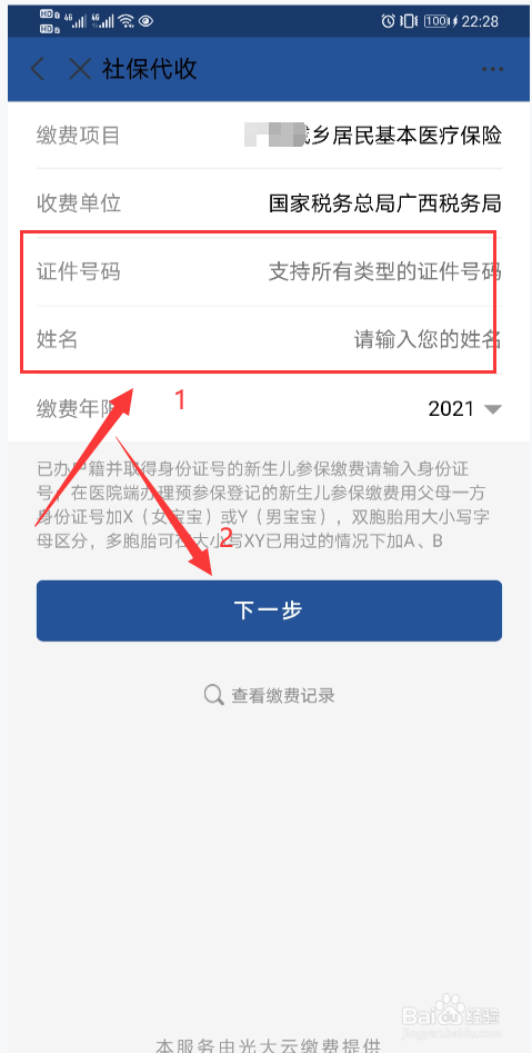 5.输入个人信息,再点击下一步,完成医保金额支付即可。
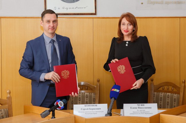 В Крымском федеральном университете им. В. И. Вернадского состоялось торжественное подписание соглашения о сотрудничестве между КФУ и Министерством строительства и архитектуры Республики Крым, сообщает пресс-служба вуза.
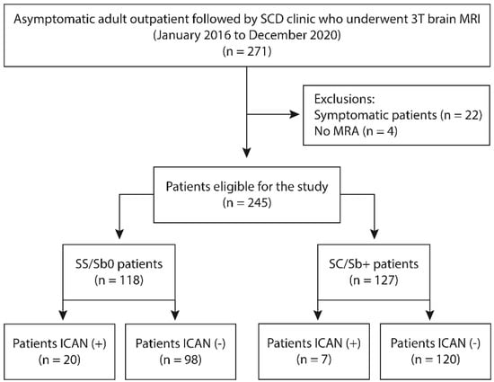 Flowchart of patients included in the study. SCD: Sickle cell disease; MRI: Magnetic resonance imaging; ICAN: intracranial aneurysm; SS/Sb0 = SS/S-β0thalassemia genotype; SC/Sb+ = SC/S-β+ genotypes.
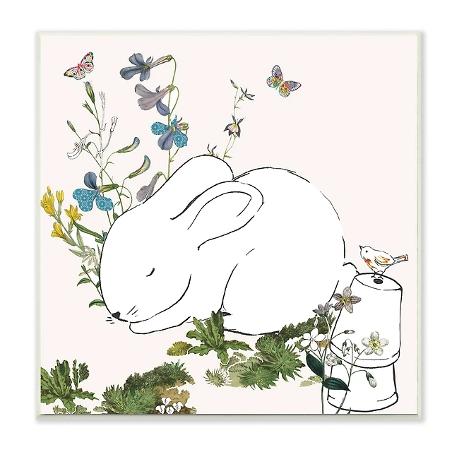 Stupell Industries Sleeping Bunny in Butterfly Garden Wall Plaque
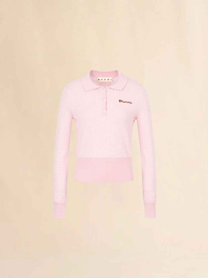 PINK WOOL-SILK POLO SHIRT WITH JACQUARD CHECK
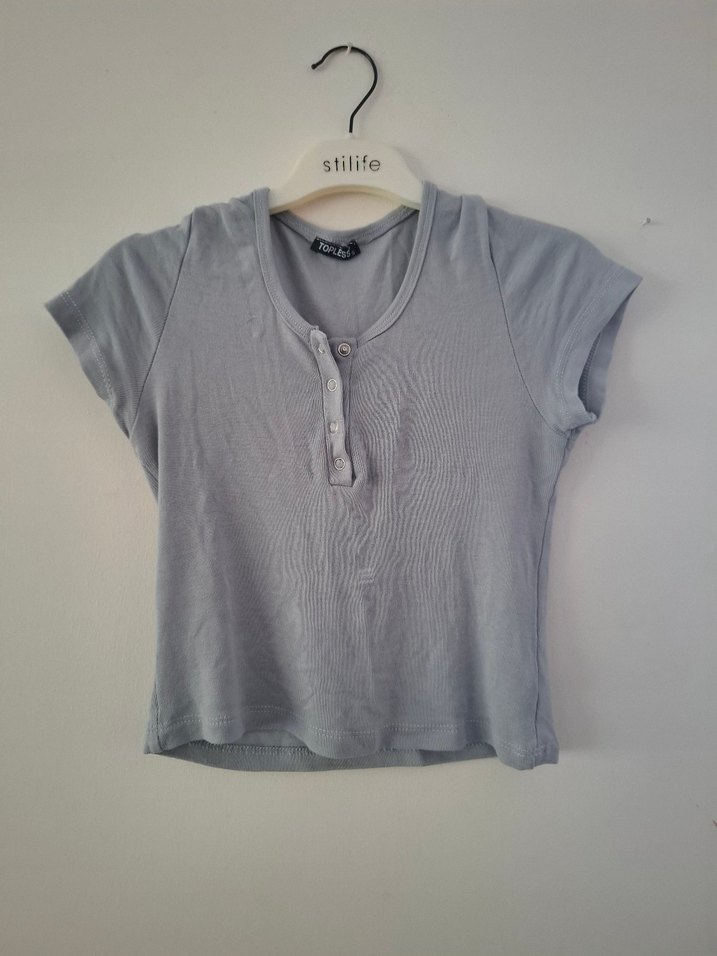 Gri renkli, kısa kollu, düğmeli ve yuvarlak yaka tişört. Yumuşak keten kumaştan, salaş kesim ve sokak tarzına uygun.
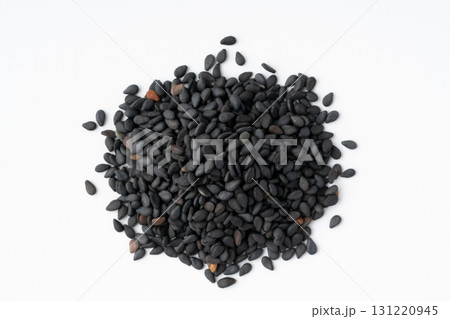 白背景にスプーンに載せた黒ごま(生ごま)のクローズアップ
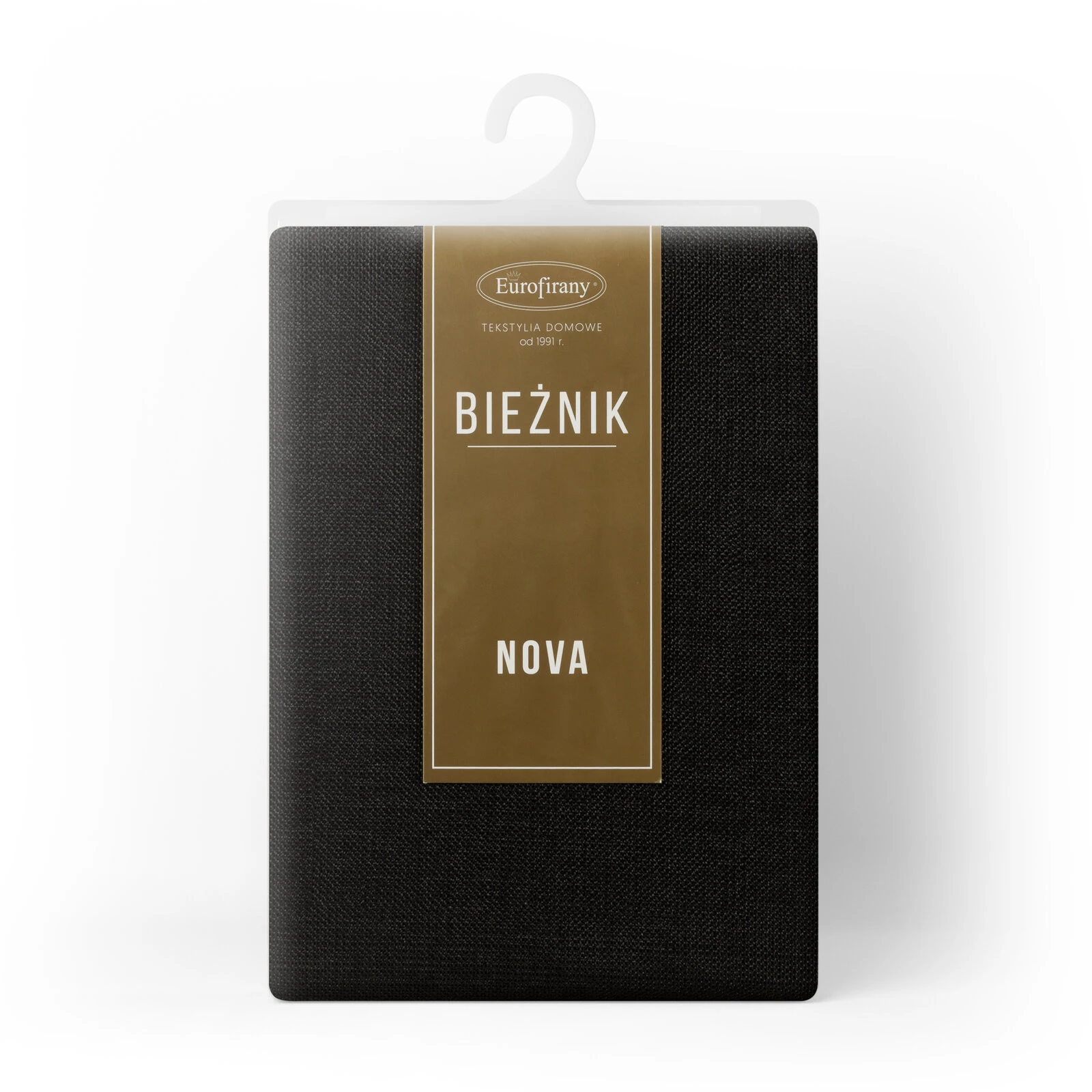 Bieżnik zdobiony kantą szerokość: 40 cm, długość: 140 cm, kolor: czarny, Gramatura: 255 GSM, Skład: 100% poliester

───

Without the pictures, transcribe the lines from the one containing "PINK WOOL-SILK POLO" through the end of the data, exactly and only those.

 PINK WOOL-SILK POLO SHIRT WITH JACQUARD CHECK
 Gri renkli, kısa kollu, düğmeli ve yuvarlak yaka tişört. Yumuşak keten kumaştan, salaş kesim ve sokak tarzına uygun.
 白背景にスプーンに載せた黒ごま(生ごま)のクローズアップ
 Bieżnik zdobiony kantą szerokość: 40 cm, długość: 140 cm, kolor: czarny, Gramatura: 255 GSM, Skład: 100% poliester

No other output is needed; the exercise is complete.